A realisation is that what I thought was just only putting myself out there and hard graft, was actually the magic of strong and clear intention and manifestation, maybe through my magic number 22 that I often see.  Like The Magician tarot card making goals become reality, some earlier and some later than expected, and The Emperor, confirming my efforts over the years.  My now husband was something I wished for, and my early career plans I wrote evidences this.  This had several versions, the earliest I could find was 2012, but this is the latest I modified back in 2020.  Unedited, as it were, and I'll be honest I didn't look at it all after I had created it.  Most of which have become reality, besides those that became redundant/non-mission critical.  Though what did I give back in return of these, as such things come at a cost?  Sharing of my knowledge and enthusiasm, and mentoring others I guess.
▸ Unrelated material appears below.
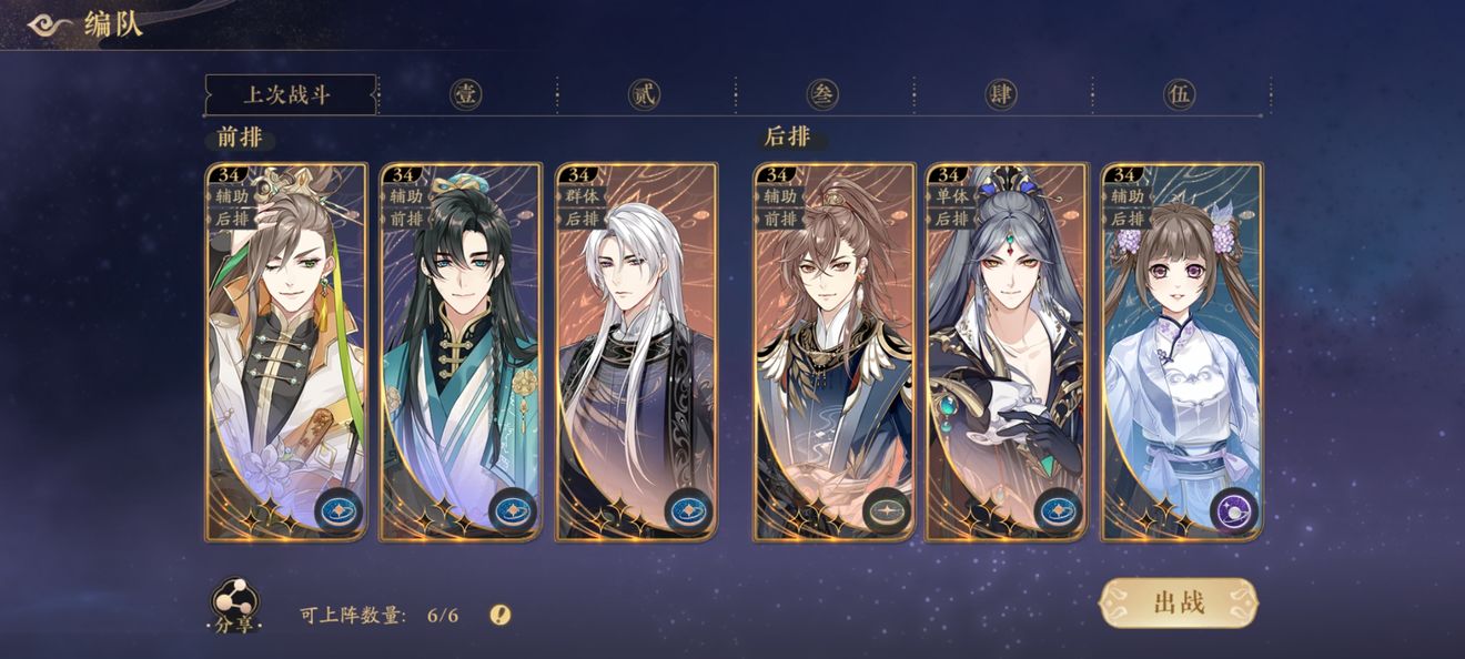 2、站位(练的是别人推荐的双0怒攻流)。桃山客一号位,贺之洲二号位,凌宴如三号位,小季四号位,陵五号位,蕊儿六号位。

In space of a year I can see and feel how I've taken a huge quantum leap in my own spiritual presence and awareness within and around me.  Especially my local neighbourhood nature and how I have not engaged with it in such a deep and meaningful way.  I have let the curiosity develop and marinate wildly, and synthesising all of my other experiences and interests in this area.  Feeling my way through it all and see what appeals the most and what I actually want to focus on.  Just shows it is good to let things just be and not force the curiosity and application.  If I did I don't think I would be tuned in as much and would have a completely different relationship with it.  In October 2024, I got creative with my local woods and adding a purple tone for a spooky effect - to play with the concept of the Witches' Road.


Since all of this, funny how the books in bookshops presented themselves to me, like it did when I was curious of shamanism.  Now it's witch-based publications.  Awakening the Wild Witch: an intuitive guide to magical living was the first (though there were many others) that appeared to me as an advert on Facebook randomly during this Summer - I later got it as it a birthday present.  Once I read a line in the introduction via online preview, it confirmed it was right for me at this time.  The interpretation of what a witch is chimes with how I define it in the next section.  In September, when me and friends went to Cresswell Craggs there was a decent witch section in the book shop - turns out there is a witchy connection to that place with the etched witch marks in the caves.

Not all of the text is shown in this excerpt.